La comunicazione dell'impresa è più grande del marketing
Sito, advertising, social, cataloghi e campagne sono soltanto una parte del sistema.
Un'impresa comunica anche attraverso:
- comportamento;
- qualità delle relazioni;
- rete commerciale;
- customer service;
- management;
- dipendenti;
- risultati;
- decisioni;
- presenza sul territorio;
- rapporti con istituzioni e partner;
- modalità con cui affronta situazioni critiche.
La Corporate Communication serve a governare questa complessità.
Non significa controllare ogni parola.
Significa costruire una direzione abbastanza chiara da permettere a persone e strumenti differenti di rappresentare la stessa impresa.
Cos'è la Corporate Communication
È l'insieme coordinato delle attività e dei comportamenti attraverso cui un'organizzazione costruisce e mantiene relazioni con i propri stakeholder.
Può coinvolgere:
- clienti;
- prospect;
- dipendenti;
- management;
- rete vendita;
- fornitori;
- partner;
- distributori;
- investitori e banche;
- istituzioni;
- media;
- comunità locali;
- associazioni;
- altri pubblici rilevanti.
Il punto non è parlare a tutti nello stesso modo.

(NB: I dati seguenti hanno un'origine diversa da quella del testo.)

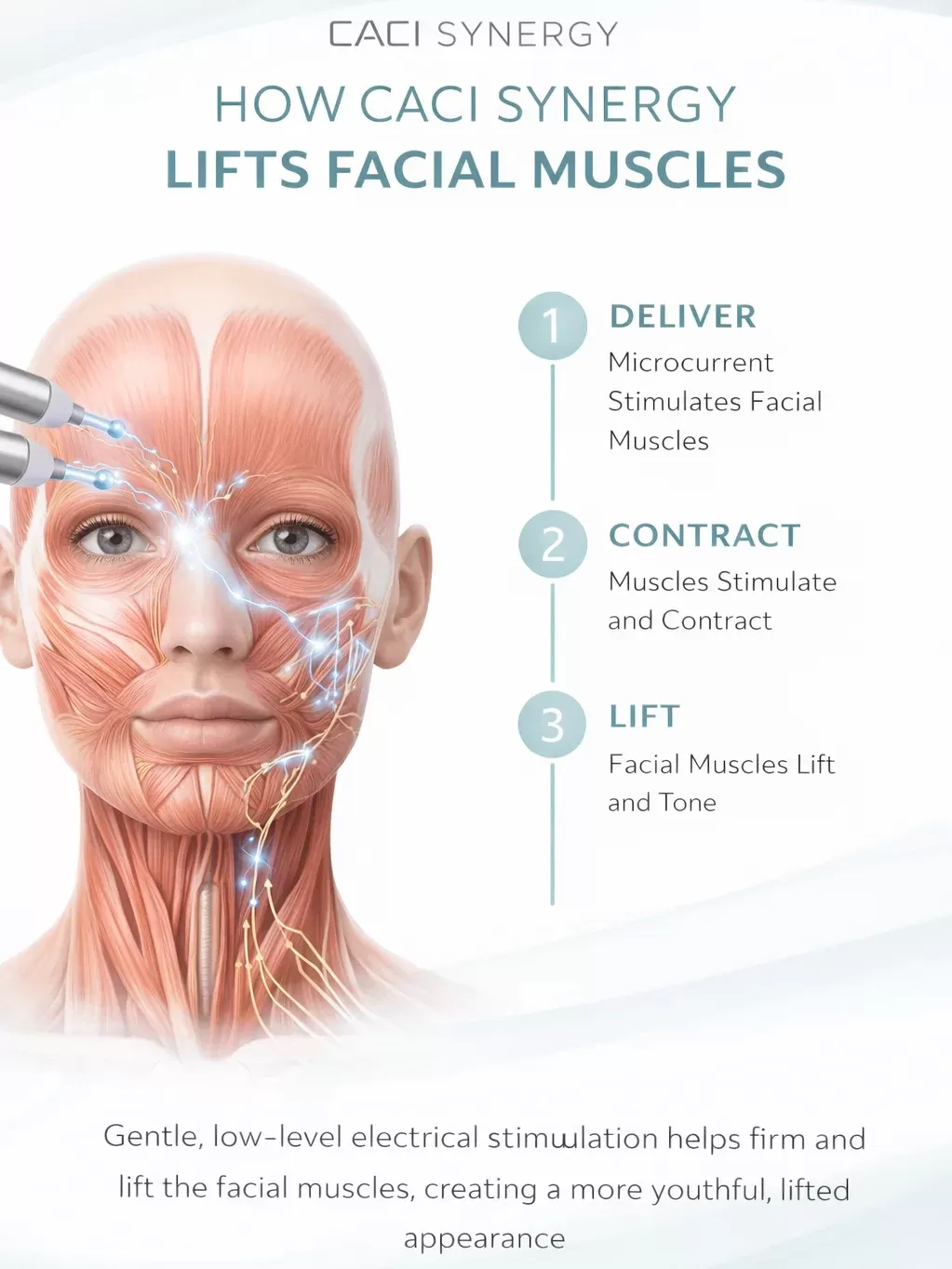 CACI Synergy is an advanced facial rejuvenation system that combines dual-action microcurrent technology with LED light therapy to deliver enhanced lifting, toning, and skin-renewal benefits. The treatment uses synchronized microcurrent impulses to stimulate and re-educate facial muscles, helping to restore firmness and improve structural support. LED technology works simultaneously to promote skin regeneration, improve texture, and enhance overall luminosity.

È fare in modo che messaggi diversi restino coerenti con identità, posizionamento e priorità dell'impresa.
Corporate Communication e Brand Communication
Sono territori collegati, ma non identici.
Brand Communication
Lavora principalmente sulla percezione, il posizionamento e la relazione con il brand.
Corporate Communication
Ha come soggetto l'impresa nel suo complesso.
Può includere temi che vanno oltre prodotti e servizi:
- strategia;
- governance;
- cultura;
- reputazione;
- employer branding;
- sostenibilità;
- relazioni istituzionali;
- performance;
- cambiamenti organizzativi.
Per molte aziende B2B i due livelli si sovrappongono fortemente.
La distinzione utile è capire se stiamo comunicando un'offerta oppure il ruolo complessivo dell'organizzazione.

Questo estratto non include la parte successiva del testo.